REITs: Finding Gems Amid the Rubble
After a terrible 2008, real estate investment trusts are having an awful 2009. A seemingly unending stream of bad news from struggling mall operator General Growth Properties (GGP) and dividend reductions from a host of other REITs have battered share prices.
That across-the-board carnage is creating some undervalued bargains, fund managers say. They're snapping up shares in some of the more specialized trusts they expect can weather tough economic times, including Public Storage (PSA), Ventas (VTR), and Alexandria Real Estate Equities (ARE).
Jay Leupp, manager of the Grubb & Ellis AGA Realty Income Fund (GBEIX), sees some timely bargains. Leupp, who was a REIT equity analyst on Wall Street for 12 years before switching to the investing side in 2006, is buying selected REIT stocks and preferred issues paying yields of more than 10%. "It's a great time to be highly selective in some of the best names in the sector," Leupp says.
The Allure of Health Care
REITs that own rental apartments are one area of interest. Leupp's funds have bought BRE Properties' (BRE) C-series of preferred shares, yielding 12%, and Associated Estates Realty's (AEC) B-series, yielding over 15%. The apartment business "isn't recession-proof—I don't think anything is—but it's certainly recession-resistant," he says.
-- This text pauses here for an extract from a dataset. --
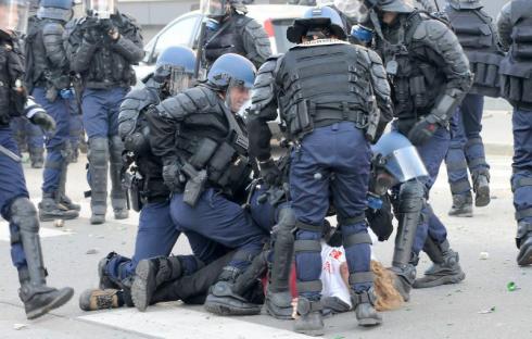 En réaction à cette forte mobilisation des Nazairiens, le sous-préfet a répondu par une présence massive des forces de l’ordre (BAC et gendarmes mobiles). Celles-ci usèrent largement de la provocation en infiltrant les cortèges, filmant et photographiant les manifestants, tirant des gaz lacrymogènes et des grenades offensives sur la foule ; le tout suivi d’arrestations et de mises en garde à vue. Systématiquement le lendemain, la procédure de comparution immédiate a envoyé trois inculpés en maison d’arrêt. On a dénombré une soixantaine de gardes à vue et 17 condamnations à des peines de prison ferme, soit un taux record d’incarcération de 28% ! Durant ces comparutions, le procureur n’eut de cesse de rappeler qu’il fallait « des condamnations exemplaires, afin de dissuader ceux qui seraient tentés d’avoir des comportements intolérables pour une démocratie, donnant une mauvaise image de la ville. »

The health-care business also tends to remain strong in weak economic times, supporting the value of REITs that own health-care facilities. Shares of Ventas, which owns nursing homes, medical practice offices, and assisted living facilities, are deeply undervalued and yield about 9%, says Robert Gadsden, manager of the Alpine Realty Income & Growth Fund (AIGYX). Leupp's fund bought shares of Alexandria Real Estate Equities, which owns pharmaceutical and bioscience laboratory space.
Another favorite of both managers is common and preferred shares of Public Storage, the leading owner of storage warehouses. The company's strong cash flow is more than three times the amount it needs to cover fixed charges, Leupp notes. "They've got the strongest balance sheet," Leupp says. "They're the gold standard of the entire REIT space."
Alas, REITs don't buy gold; if they did, their overall performance might not have been so crummy. The price of the SPDR Dow Jones Wilshire REIT exchange-traded fund (RWR), which tracks the value of 82 publicly-traded trusts, has dropped 36% this year, after slipping about 45% in 2008.
The latest blows came as General Growth, the second-largest mall operator, struggled to avoid bankruptcy. The company has already missed some debt payments and is trying to get its bondholders to agree to put off some of what they're owed. On Mar. 19, Moody's downgraded General Growth to C, its lowest rating above default. And the next day, Citigroup announced it had foreclosed on a mall in Louisiana due to a maturing mortgage General Growth didn't repay. Shares of General Growth, currently trading at less than a dollar, hit a high of more than $44 last May.
Dividend cuts and substitutions have also kept the sector out of favor, since most investors own REITs for the income they produce. To maintain standing as a REIT, the trusts must pass along 90% of their earnings as dividends to shareholders. But last year, the Internal Revenue Service began allowing REITs to count dividends paid in the form of stock toward meeting the 90% payout test. That helps the REIT conserve cash but leaves investors with more shares and possibly higher taxes if they sell immediately.
More Paper Instead of Cash
Mall owner Simon Property Group (SPG) was the latest to announce a so-called pay-in-kind dividend strategy. The company said that despite a vote by shareholders, who overwhelmingly wanted cash, its upcoming 90¢-a-share dividend would consist of 10% cash and 90% stock.
"For now, being fed a stock dividend may be even worse than an IOU, because all it represents in the short term is a tax liability with no cash," said the anonymous former Wall Street financier who writes the industry-watching REITWrecks blog in a recent posting. "Unfortunately, I can't imagine any capital-starved REIT not electing to take advantage of this revenue ruling (at least to some extent). Undoubtedly, this will further erode confidence in the sector and prolong the recovery in REITs."
Malls have been one of the hardest-hit sectors, because of the drop in consumer spending and numerous retail chains closing stores. That has made it difficult for mall REITs to raise money to pay off maturing debt.
Gadsden says the downturn hasn't hit all mall operators equally, however. Simon Property, which was able to issue $650 million of new bonds on Mar. 20, has the cash on hand to pick up additional desirable locations from distressed competitors, he says. Still, it's only suitable for investors with a multiyear outlook: "You can make a lot of money over the longer term, but it's going to be tough sledding here for a couple of years."